A Tesla Semi electric truck could offer payback within a year and a half and save us ‘tens of thousands of dollars a year’, says DHL

By Fred Lambert, Elektrek, 23 Feb 2018 

The Tesla Semi specs are mesmerizing competitors and customers alike, but some are still skeptical about the company’s ability to deliver on them.

With this said, DHL, one of the largest logistics firms in the world, is on board and now expects that a Tesla Semi electric truck could save them ‘tens of thousands of dollars a year’.

In an interview with Reuters, Jim Monkmeyer, President of Transportation at DHL Supply Chain, made the comment today.

He added:

“We are estimating that we could have pay back within a year-and-a-half based on energy usage as well as lower maintenance cost,”

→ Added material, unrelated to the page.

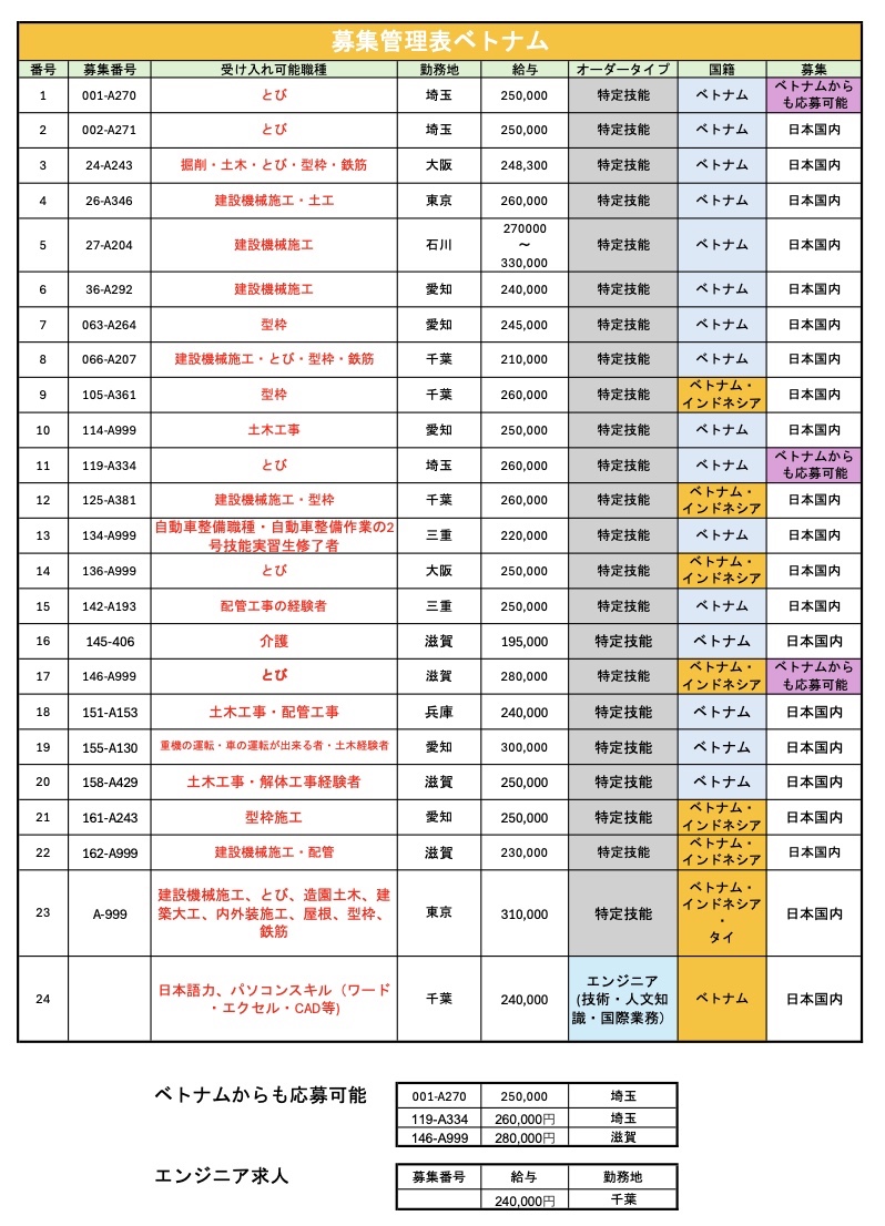 Trong số các ngành nghề, Xây dựng (建設業) hiện là lĩnh vực có nhu cầu tuyển dụng lớn, trải dài tại nhiều tỉnh thành như Tokyo, Osaka, Aichi, Saitama, Chiba, Hyogo, Shiga, Ishikawa, Mie…

Even though Tesla Semi, which starts at $150,000, is more expensive than the average class 8 diesel truck, Tesla estimates the payback period is just two years because of the significantly more efficient electric powertrain.

Monkmeyer thinks DHL could start saving money even sooner when factoring their current maintenance costs:

“The maintenance savings can be enormous as well. Just because the engines are much simpler in terms of the number of parts and the complexities of the parts.”

Last year, DHL ordered Tesla Semi trucks, which they plan to use in a test program.

It’s the only class 8 electric truck that they are testing, but they have several electrification programs for other smaller trucks.

DHL announced that Ford won an important contract to build 2,500 of the bigger version of the all-electric van for the logistic company and they are also using Daimler’s FUSO eCanter electric truck.

Even though the company is clearly on board with electrification, Monkmeyer still has concerns when it comes to the charging infrastructure:

The biggest issue is going to be how is that grid provided and how is it supported and how quickly can we get a network out there for use nationwide, throughout North America, throughout the world. That’s a big question mark. So that to me would be one limiting factor.

Tesla is reportedly already in talks with electric truck customers to install ‘Megacharger’ stations at the locations where they plan to use the Tesla Semi.

The truck is planned to go into production next year and the company will have to time it with the deployment of the charging infrastructure.